# 240D starting problem



## Ed Wells (Dec 27, 2008)

I just finished replacing a blown head gasket in a 240D that had been sitting for 4 years. While in the motor I replaced rings, rod inserts, and valve seals. The cylinders had very little wear, but the no 1 cylinder had some pitting due to water sitting it for 4 years, I honed both cylinders and they looked like they would seal. I cleaned the valves and valve seats, but did not reseat. They appeared to be in good shape.

After bleeding the fuel lines several times, I have not gotten the tractor started. All I get is white smoke.

I checked the compression and got 200psi on #1 and 250psi on #2. This seems to be low even for a new rings that haven't seated.
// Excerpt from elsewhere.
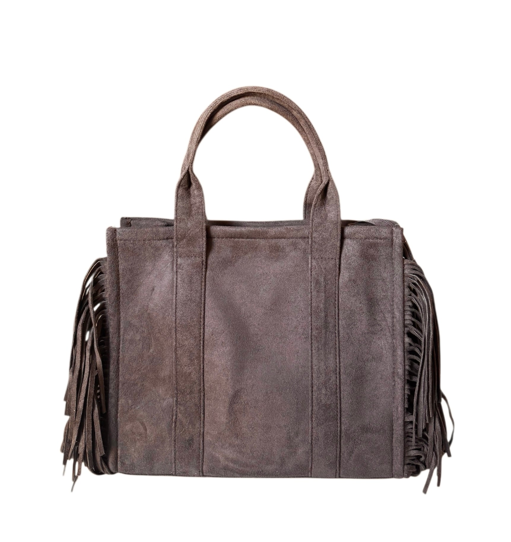 Tote bag scamosciata con frangie laterali, con tracolla regolabile all'interno, manico comodo da mettere anche a spalla.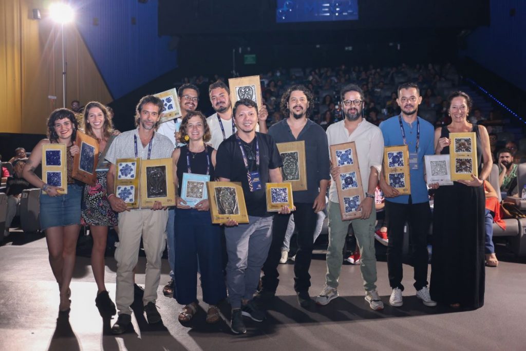 A noite de sábado destacou ainda o longa ‘Os Sapos’, de Clara Linhart. A produção carioca saiu da cerimônia igualmente com três prêmios: Melhor Direção, Melhor Roteiro e Melhor Montagem. ‘Os Sapos’ narra a história de Paula, que é convidada para um fim de semana numa casa de campo isolada. Em um cenário bucólico, a personagem se surpreende ao encontrar dois casais desconhecidos em profundas crises de relacionamento. A presença dela deflagra conflitos até então insuspeitos.

Does anyone know if this adequate compression to start? Does anyone know what the compression should be on this tractor? I have researched the internet, but haven't found it yet. Thanks in advance for any information you may have.


----------



## Live Oak (Dec 22, 2003)

Welcome to Tractor Forum Ed! The compression number sound pretty low to me. I'll leave this to the Yanmar guy Mark777, I am confident he will get you on the right track and in good shape. Sounds to me like you are not getting enough compression to light off the fuel and hence the white smoke. What thickness head gasket did you use? I would be VERY hesitant to use either on a newly refreshed engine. If you have the air cleaner off, try using WD-40 instead IF you determine you must go this route. I take it you have already checked the battery and connections and all are strong in and in good shape? The other issue, that might cause this can be timing the injector pump. Have you verified the timing is correct?


----------



## mark777 (Jul 23, 2004)

Ed, 

I agree with TF Admin...way to low of compression. You need 400+ psi per cylinder just to get it to ignite the fuel.

Everything sounds OK but I would question what the ring gap is? If it's too wide then no top end build is going to help with the fuel'air rushing past the rings. Another possibility is taper in the cylinder liners. When you checked, did you drop a piston ring at the bottom and check the ring gap...and do the same at the top of the cylinder? Using a feeler gauge and checking the ring gap at both positions WILL tell you if, and how much taper there is.

The compression ratio on the 2TR20 engines (YM240'YM2000) is 20:1, and from memory the cylinder pressure should read 575-625 per compression stroke. When you did the test, did you remove and replace one injector at a time?

Good luck,

Mark


----------



## Ed Wells (Dec 27, 2008)

Wish I had checked the ring gap, but there was very little wear showing on the cylinders, so I assumed them to be okay. I have tried wd-40 with no luck. 

With your information and all that I have read on the internet forums, I now believe my problem is low compression. The starter is turning the motor over too easily for the compression to be at the proper level. From what I have read, the yanmar starters are notoriously undersized and most have to use the compression release to get the motor going.

Thanks for the quick response and for your help. I will do a more thorough job the next time in.


----------